◆ EXERCISE ◆
The output should contain the listing word for word and no pictures.

◆ INFORMATION SUPPLIED ◆
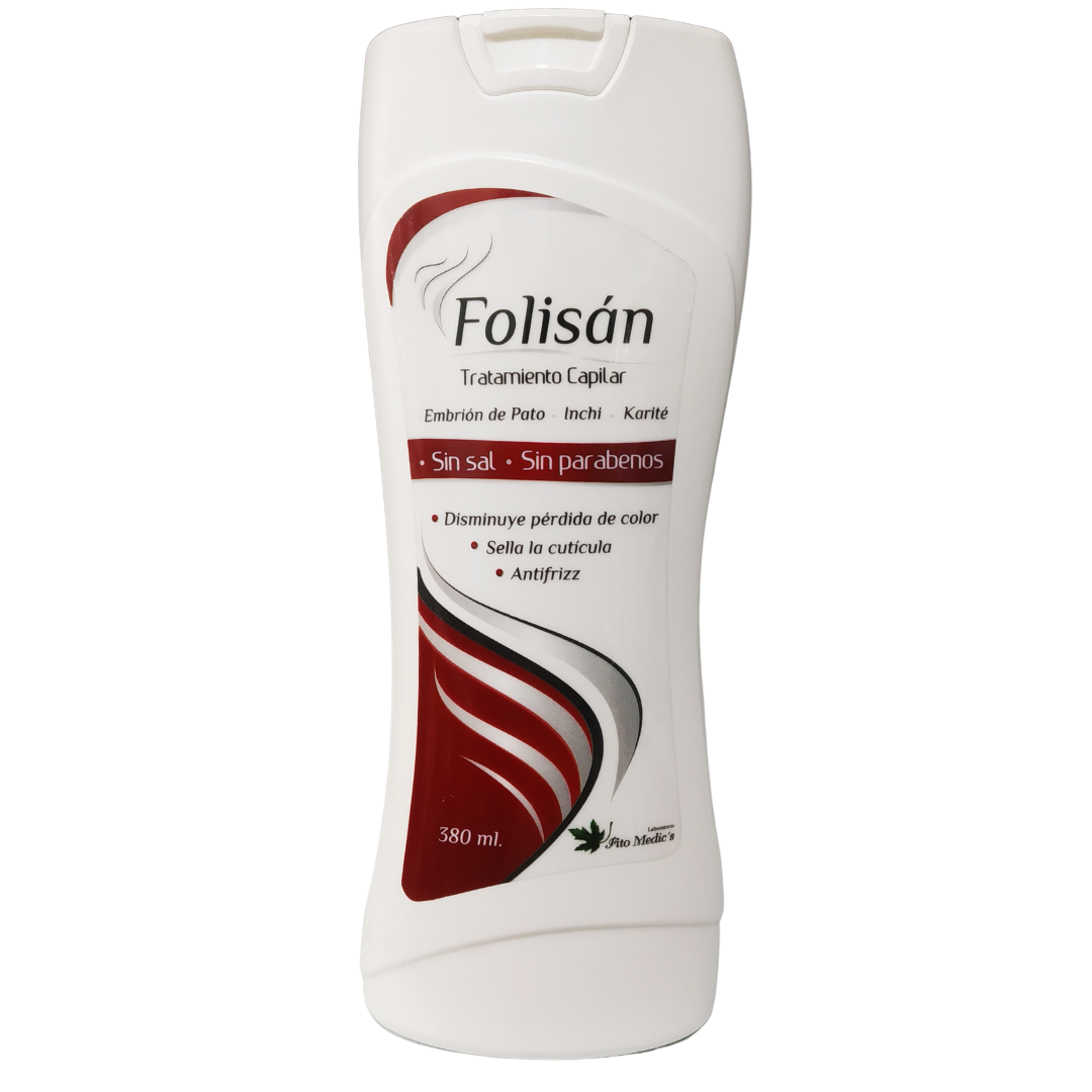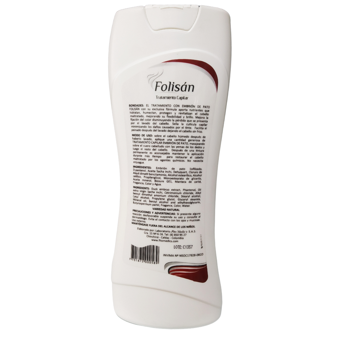Tratamiento Capilar Folisán - Fito Medic's - Frasco 380 ml El Tratamiento con Embrión de Pato Folisán con su exclusiva fórmula aporta nutrientes que hidratan, humectan, protegen y revitalizan el cabello maltratado, mejorando su flexibilidad y brillo. Mejora la fijación del color disminuyendo la pérdida que se presenta por el lavado del cabello. Sella la cutícula capilar minimizando los daños causados por el tinte. Facilita el peinado después del lavado dejando el cabello sin friz.
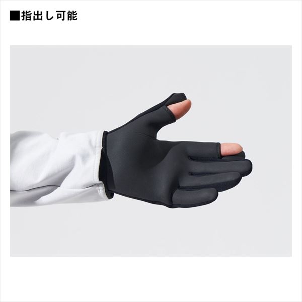 必要な時だけ指が出せる指カバー付きグローブ。保温性のあるクロロプレンゴムと、柔軟性と保温性を併せ持つタイタニュームαを使用。指先カバーを外すことができ、細かい作業時に便利。ベルト類を排除し、糸絡みのリスクを軽減。
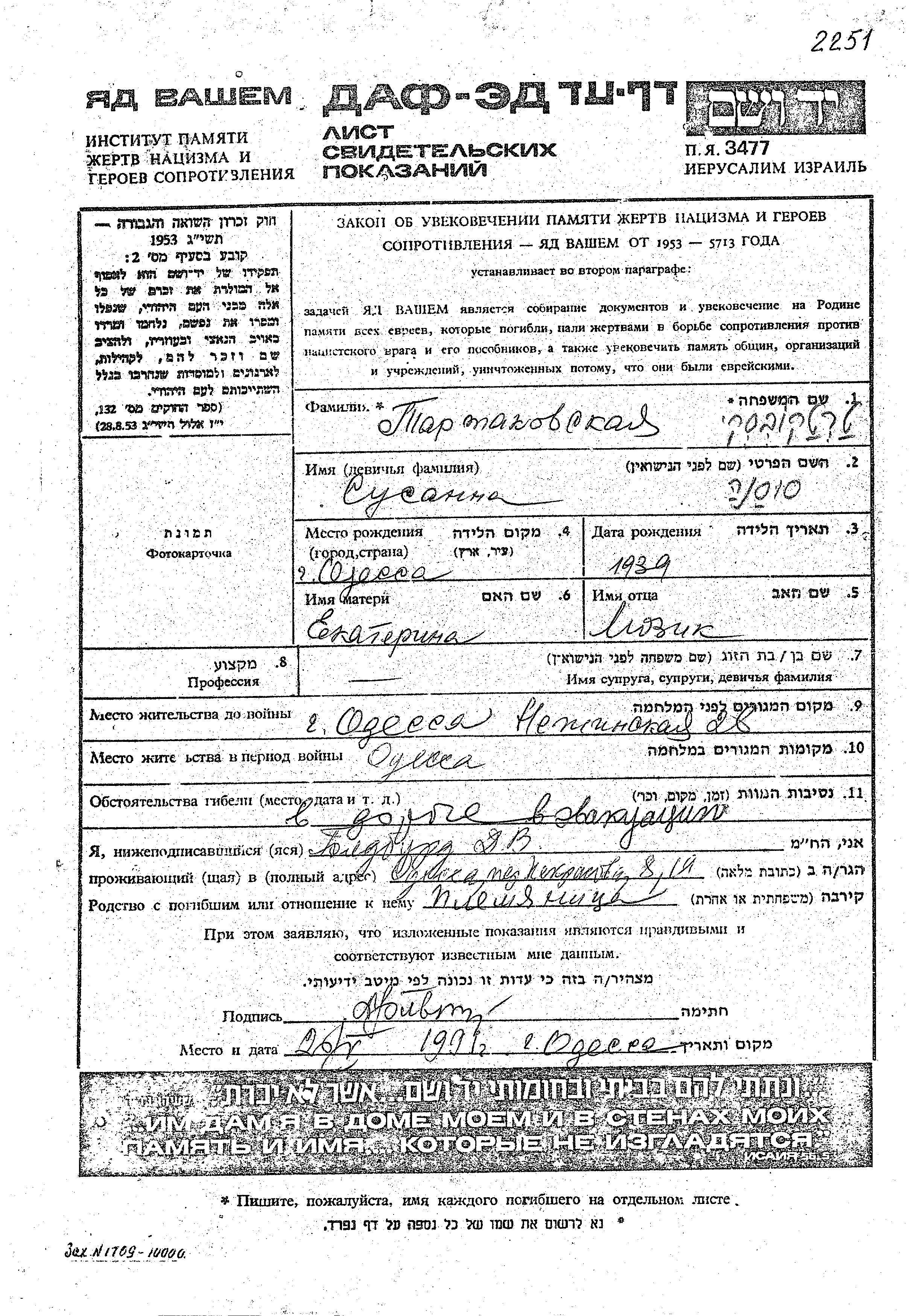 Tartakovsky Susana 1939 Odessa, Ukraine (URSS) Feuille de témoignage
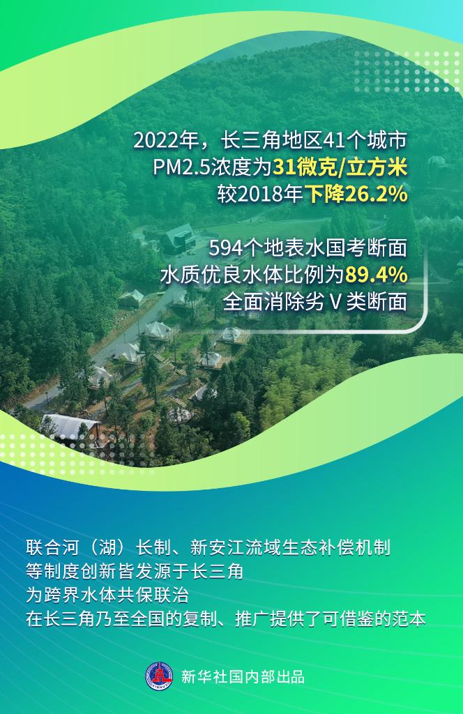 2022年,長(zhǎng)三角地區(qū)41個(gè)城市PM2.5濃度為31微克/立方米,較2018年下降26.2%。594個(gè)地表水國(guó)考斷面水質(zhì)優(yōu)良水體比例為89.4%,全面消除劣Ⅴ類斷面。

◆ SOLVED EXERCISE ◆
Tratamiento Capilar Folisán - Fito Medic's - Frasco 380 ml El Tratamiento con Embrión de Pato Folisán con su exclusiva fórmula aporta nutrientes que hidratan, humectan, protegen y revitalizan el cabello maltratado, mejorando su flexibilidad y brillo. Mejora la fijación del color disminuyendo la pérdida que se presenta por el lavado del cabello. Sella la cutícula capilar minimizando los daños causados por el tinte. Facilita el peinado después del lavado dejando el cabello sin friz.
 必要な時だけ指が出せる指カバー付きグローブ。保温性のあるクロロプレンゴムと、柔軟性と保温性を併せ持つタイタニュームαを使用。指先カバーを外すことができ、細かい作業時に便利。ベルト類を排除し、糸絡みのリスクを軽減。
 Tartakovsky Susana 1939 Odessa, Ukraine (URSS) Feuille de témoignage
 2022年,長(zhǎng)三角地區(qū)41個(gè)城市PM2.5濃度為31微克/立方米,較2018年下降26.2%。594個(gè)地表水國(guó)考斷面水質(zhì)優(yōu)良水體比例為89.4%,全面消除劣Ⅴ類斷面。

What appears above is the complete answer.